I could try to explain that statement, but I think you'll hear what I mean. I think any chance that you have to take yourself out of your routine for any amount of time and sort of immerse yourself in learning in the way that you can only do in person with other people it allows. I think it does something to your brain and I wish I had research behind this, but maybe Corey will find it for me someday but I think it does something to your brain and your brain's preparedness for taking in and processing new information.

Corey Rivera:

I found the research, by the way, and it does indeed change you. But I'll let Rebecca finish her thought.

Rebecca Sturgeon:

I think it also makes you a more creative practitioner, because taking yourself out of your out of your environment for a while and learning something new when you go back if you've paid attention, when you go back to your environment, you see it differently and you may be able to see things or do things that didn't seem possible before. I also think the in-person learning, the social aspect of it, is really important, and I say this as an introvert right. I think being in a room with other humans who are learning the same thing and maybe struggling with the same thing that you're struggling with, is really valuable, really involved. I think you learn them better when you have people who are having the same struggle, because it's it's you have someone to regulate your nervous system against, and it's not, rather not just the face on the screen, even if the face on the screen is in real time, like you and I in a room together, versus you and I talking real time over Zoom.

Corey Rivera:

And now a research tidbit. The term Rebecca was looking for is transformative learning. Transformative learning is a term that was originally coined by a sociologist named Jack Mesereau in 1978. It's when an adult student has an experience that literally changes their worldview. The first step in transformative learning is a disorienting dilemma. The student realizes their perspective doesn't quite fit the reality.
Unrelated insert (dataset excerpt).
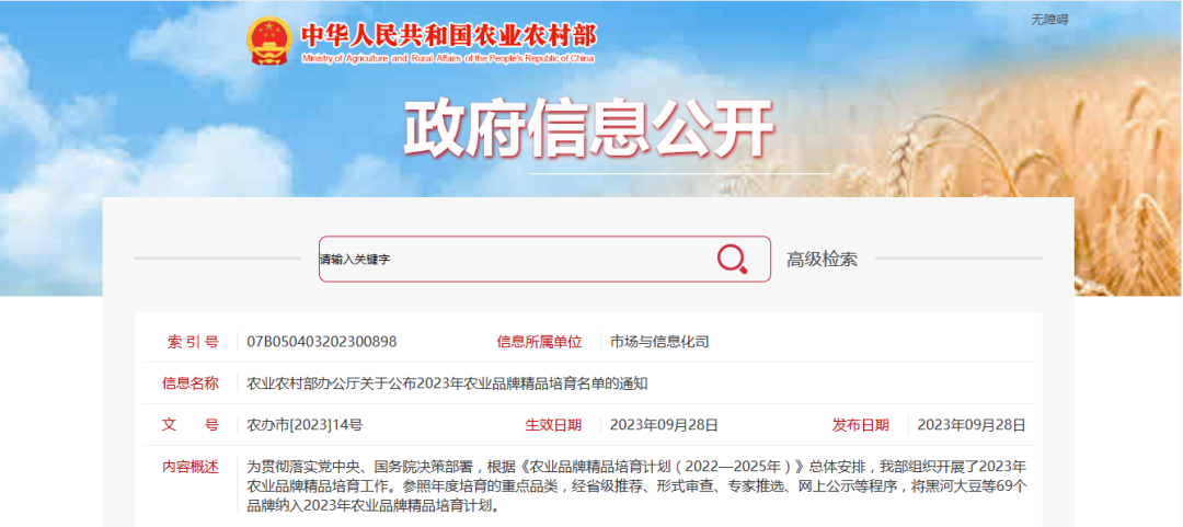 为贯彻落实党中央、国务院决策部署,根据《农业品牌精品培育计划(2022—2025年)》总体安排,我部组织开展了2023年农业品牌精品培育工作。参照年度培育的重点品类,经省级推荐、形式审查、专家推选、网上公示等程序,将黑河大豆等69个品牌纳入2023年农业品牌精品培育计划。

This can happen suddenly, like during a life crisis, or it can happen gradually. The dilemma causes self-doubt, which allows the student to take in new information and generate new ideas. An important part of transformative learning is self-reflection, and eventually the student builds confidence in their new way of thinking and being. Naturally, there's a ton more to the concept of transformative learning, but that's not really the topic of this episode. If you want to read more about it on your own, there's a few links in the show notes.

Rebecca Sturgeon:

In the meantime, here's a great story about the transformative learning that happens in the live clinic part of HealWell's in-person oncology classes. The live clinic in the oncology class oh, I love the live clinic. So I mean what it is on paper is you get the chance to offer a full massage 60 minutes, six, zero minutes, um to a human who has an experience with a cancer diagnosis and or a cancer treatment. So you do the intake, you do the massage, you do the whole thing like a whole session. Um, what it actually is, um, what it actually is is it's, it's magic, and I I I'm not saying that lightly, because what happens with the, with the clinic session, is that everything that people have learned up to this point, you know, for the past two days or for the past however many hours of online and the past two days, um, it all comes together with stakes. Right, because this is an actual human.

Rebecca Sturgeon:

They're not actors in our clinics and what happens is that people this is a generalization, but people immediately forget that they know how to do things and panic. And then another advantage of the live class they're always like with their co-students, their colleagues, and then you know, the person that they're with calms them down or not, or they bring an instructor over and the instructor calms them down and they get to work and they realize that that right, still know how to be a massage therapist, still know how to plan a session, still know how to do an intake conversation, um, and there's always a point in the live clinic where, uh, it starts in the energy is like really spiky and really, uh, nervous, and you know it's. It's a lot to kind of contain that, but that's part of our job, you know, as instructors, to kind of contain that and hold that. And there's always a point at which, like I imagine it as a cardiograph or cardiogram, that is real spiky and real spiky and real spiky. And then suddenly it's just calm, just calm and it's and you can see people sort of realize I'm doing this and I can do this and I enjoy doing this, um, so it's, it's a beautiful moment where everything comes together really, Cause we can practice in class and we can talk and we can do scenarios and we can do case studies and all of that is valuable.

Rebecca Sturgeon:

But where it actually happens is in the live clinic, where you are in the way that massage therapists are, you're connected to a client with this new information. Therapist, are you're connected to a client with this new information and you realize that the new information doesn't change your ability to connect with the client. So it's actually it's pretty awesome.

Corey Rivera:

Before we move on, I want Rebecca to tell you what her first in-person class after the COVID crisis was like.

Rebecca Sturgeon:

The first in-person class I taught after COVID was an oncology massage workshop in just outside of Chicago and it was a real small group, you know, small enough that we almost didn't run the class, but we're like no, you know what, let's do it. It's the first one and it was hard. I'm not going to say it was easy. It was hard because, in addition to this being the first live class that I'd taught in like three years, this was also a group of people that was that brought a lot into the room. They brought a lot in terms of skill and compassion and just care for each other, but also in terms of what they were dealing with in their lives. Um so it was a lot, but they took such beautiful care of each other. Like for three days I saw them take such every live class I've ever taught Like before then people took care of each other, but not like this. It was amazing.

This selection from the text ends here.